Świat aktywów cyfrowych ogarnął niepokój. Faktem jest, że istnieją kryptowaluty, które mogą stać się aktywami zombie. Według Forbesa istnieje imponująca lista kryptowalut zombie, wśród których znajduje się wiele dobrze znanych aktywów cyfrowych.
Jednocześnie eksperci Forbesa są pewni, że aktywa zombie nie znikają całkowicie, ale nadal istnieją i mają się świetnie. Powodem tego jest aktywny handel na rynku kryptowalut i imponująca liczba inwestycji przyciągniętych w momencie ich uruchomienia. Ponadto wielu traderów nie może pożyczać dużych ilości tych aktywów cyfrowych w celu otwierania krótkich pozycji. Analitycy Forbesa podkreślają, że w obecnych warunkach monet zombie trudno się pozbyć.
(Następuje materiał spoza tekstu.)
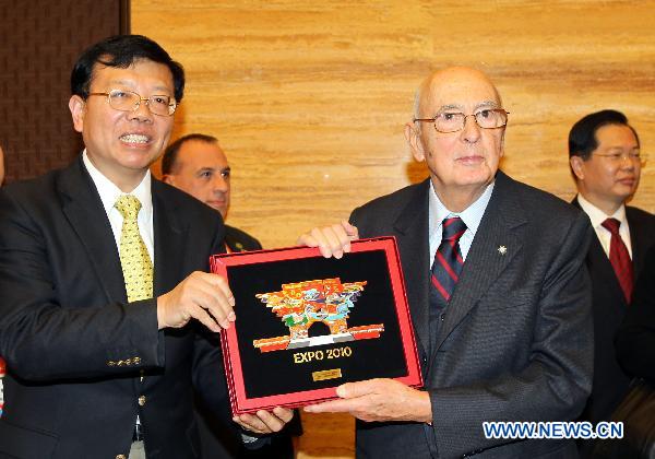Italian President Giorgio Napolitano (R front) holds a gift presented by China Pavilion at the 2010 Shanghai World Expo in Shanghai, east China, Oct. 28, 2010. Napolitano visited the Shanghai World Expo park on Thursday. (Xinhua/Fan Jun)
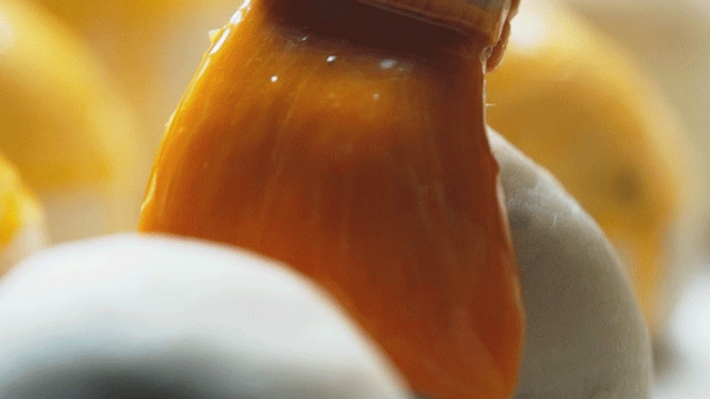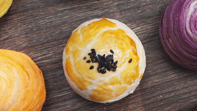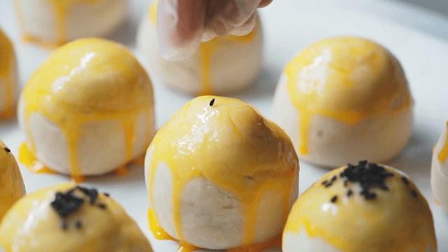 经过层层包裹,再刷上金黄的蛋液,然后放入芝麻点缀,一颗活脱脱的蛋黄酥就诞生啦~接下来就是等待进入烤箱。
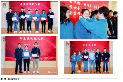 在先艺我们班始终坚信每一份努力都不会被辜负,每一份坚持都将会有收获。回顾2022年,先艺电子涌现出一批批奋勇当先的优秀者。在表彰环节,主持人激情洋溢地宣读2022年度中获得“年度标杆奖”、“年度优秀员工”、“年度优秀新人”“年度优秀组长”““年度优秀管理奖”“年度优秀部门奖”“专利奖”、“项目奖”及“三年、五年、十年服务敬业奖”等各种获奖者的名单,为公司发展树立先进典型,发挥榜样力量。

"Termin «blockchain zombie» odnosi się do projektów blockchain, które podobnie jak zombie istnieją, ale nie wykazują oznak życia pod względem użyteczności ani znacznej bazy użytkowników" – czytamy w artykule.
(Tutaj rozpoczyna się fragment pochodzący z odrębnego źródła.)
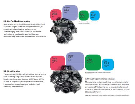 ด้วยดีไซน์ที่ปราดเปรียวและโฉบเฉี่ยวกว่าที่เคย รวมถึงไฟหน้าและไฟท้ายแบบ Full-LED ฟอร์ด มัสแตง มาพร้อมขุมพลังเครื่องยนต์ V8 ขนาด 5.0 ลิตรและเครื่องยนต์ EcoBoost ขนาด 2.3 ลิตร รวมถึงเกียร์อัตโนมัติ 10 สปีด และเทคโนโลยีเหนือระดับอย่างโหมดแอปพลิเคชัน Track AppsTM ที่ให้ผู้ขับขี่เปิดประสบการณ์การขับขี่แบบในสนามแข่ง พร้อมเทคโนโลยีเหนือระดับอย่างระบบ SYNC 3 บนแผงหน้าปัดแสดงผลดิจิตอล LCD ขนาด 12 นิ้ว
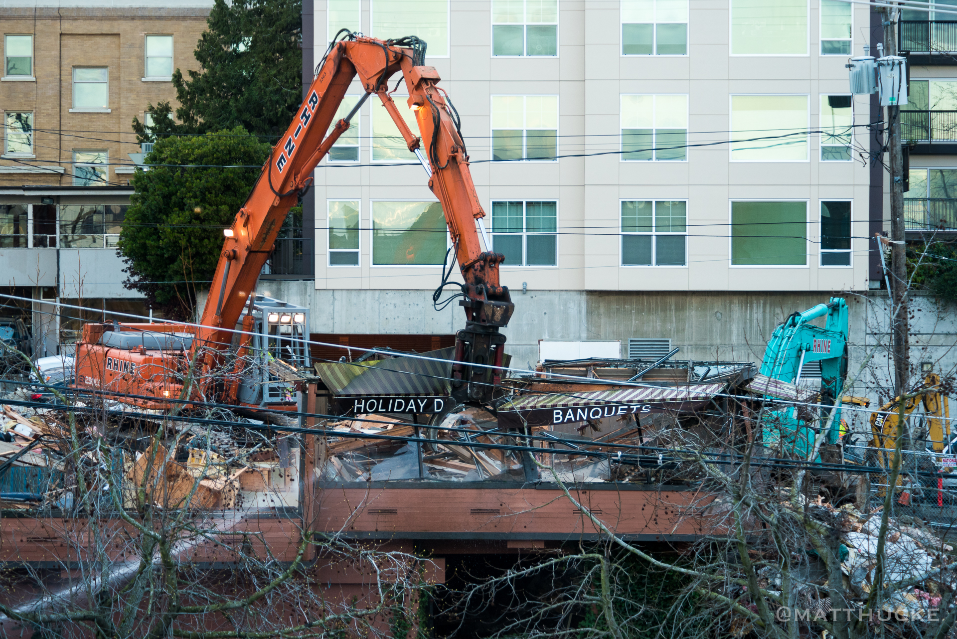 Demolition of the former Kaspar's Special Events & Catering continues. Just out of frame at lower left, a worker with a hose is spraying the building with water (the streak of white) to lay the dust.
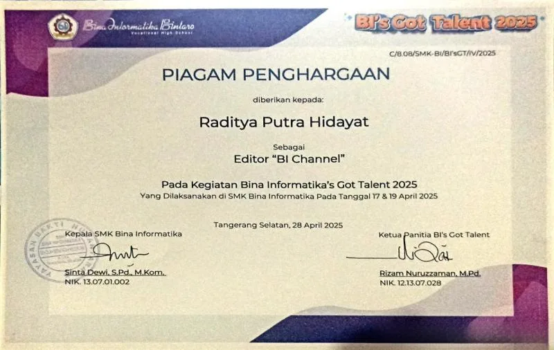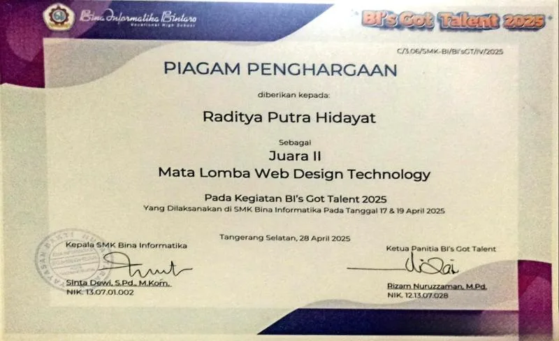 Bina Informatika Got Talent Web Design Technology: Juara 2
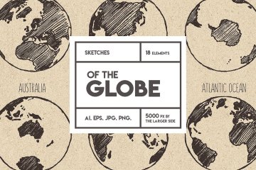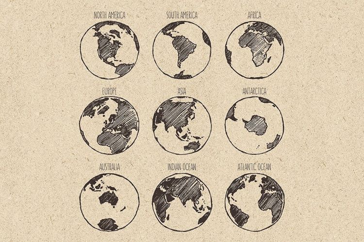 图穷联素材库 » 地球七大洲四大洋素描插图素材 Sketches-of-the
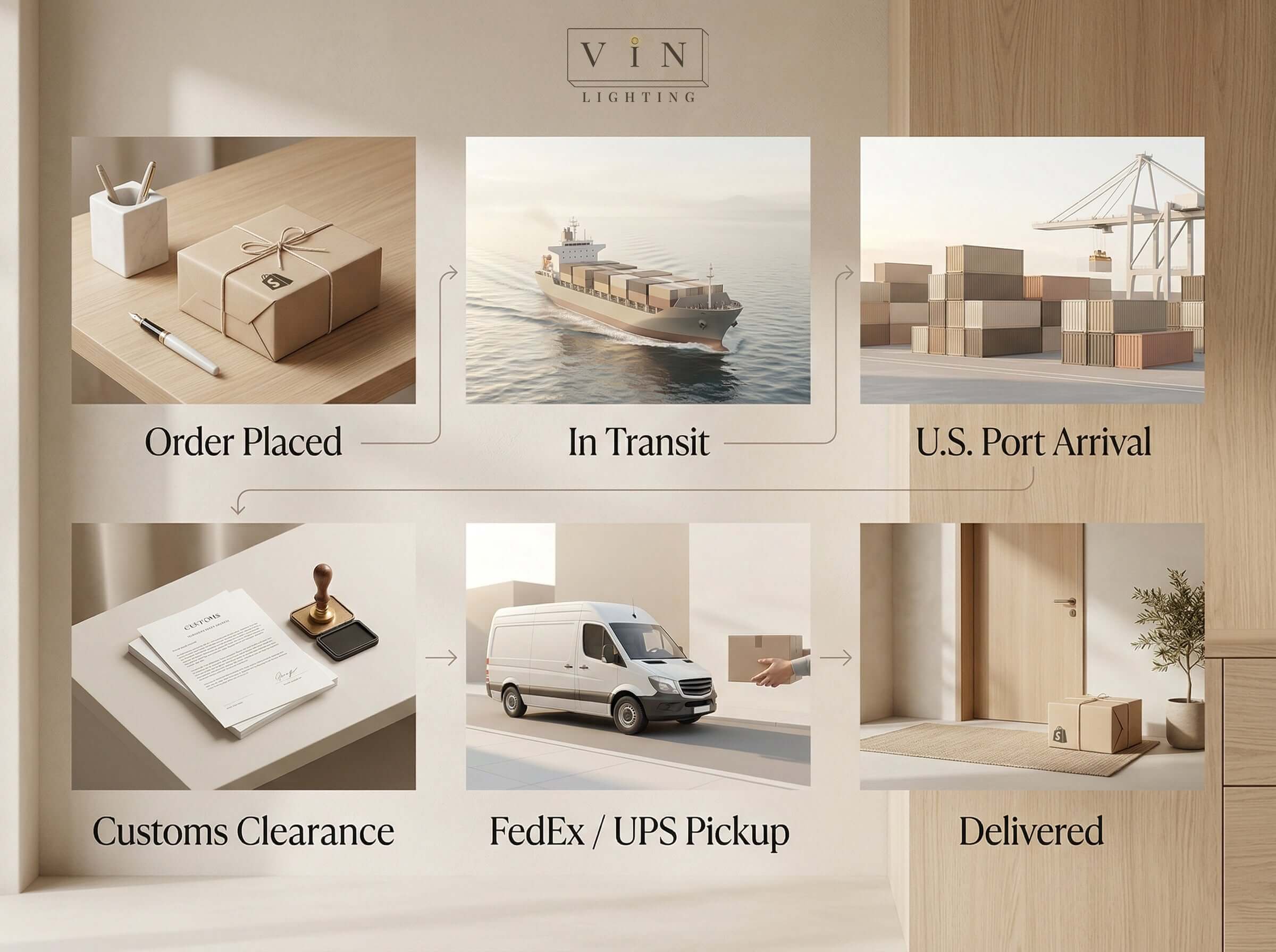 Order Placed → In Transit → U.S. Port Arrival → Customs Clearance → FedEx / UPS Pickup → Delivered

Na liście kryptowalut zombie znalazł się XRP, który w rankingu aktywów cyfrowych o największej kapitalizacji zajmuje 8. miejsce. Forbes umieścił XRP na tej liście, ponieważ blockchain XRPL nie jest w stanie konkurować z systemem płatności SWIFT. Na tym tle sieć stworzona przez Ripple zaczęła generować minimalne przychody i nie spełniła oczekiwań.
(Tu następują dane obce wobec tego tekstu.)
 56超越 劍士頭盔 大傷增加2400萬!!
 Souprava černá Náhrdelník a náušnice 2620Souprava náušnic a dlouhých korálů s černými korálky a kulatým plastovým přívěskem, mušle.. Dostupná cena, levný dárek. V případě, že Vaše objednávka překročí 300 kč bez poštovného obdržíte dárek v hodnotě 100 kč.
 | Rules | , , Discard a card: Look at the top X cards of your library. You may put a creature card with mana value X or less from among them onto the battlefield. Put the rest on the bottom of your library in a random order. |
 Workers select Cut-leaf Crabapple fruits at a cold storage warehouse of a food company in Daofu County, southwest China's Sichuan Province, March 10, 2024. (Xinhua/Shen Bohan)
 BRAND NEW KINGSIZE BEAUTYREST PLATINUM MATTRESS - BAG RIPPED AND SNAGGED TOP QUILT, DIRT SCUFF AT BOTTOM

Ponadto kryptowaluty zombie obejmują kilka potężnych aktywów, tak zwanych "zabójców Ethereum", takich jak Tezos (XTZ), Algorand (ALGO) i Cardano (ADA). Pomimo zalet technologicznych te sieci blockchain nie przewyższyły Ethereum pod względem popularności. W rezultacie zostały z niczym i nie przyciągnęły głównych przedstawicieli społeczności kryptograficznej.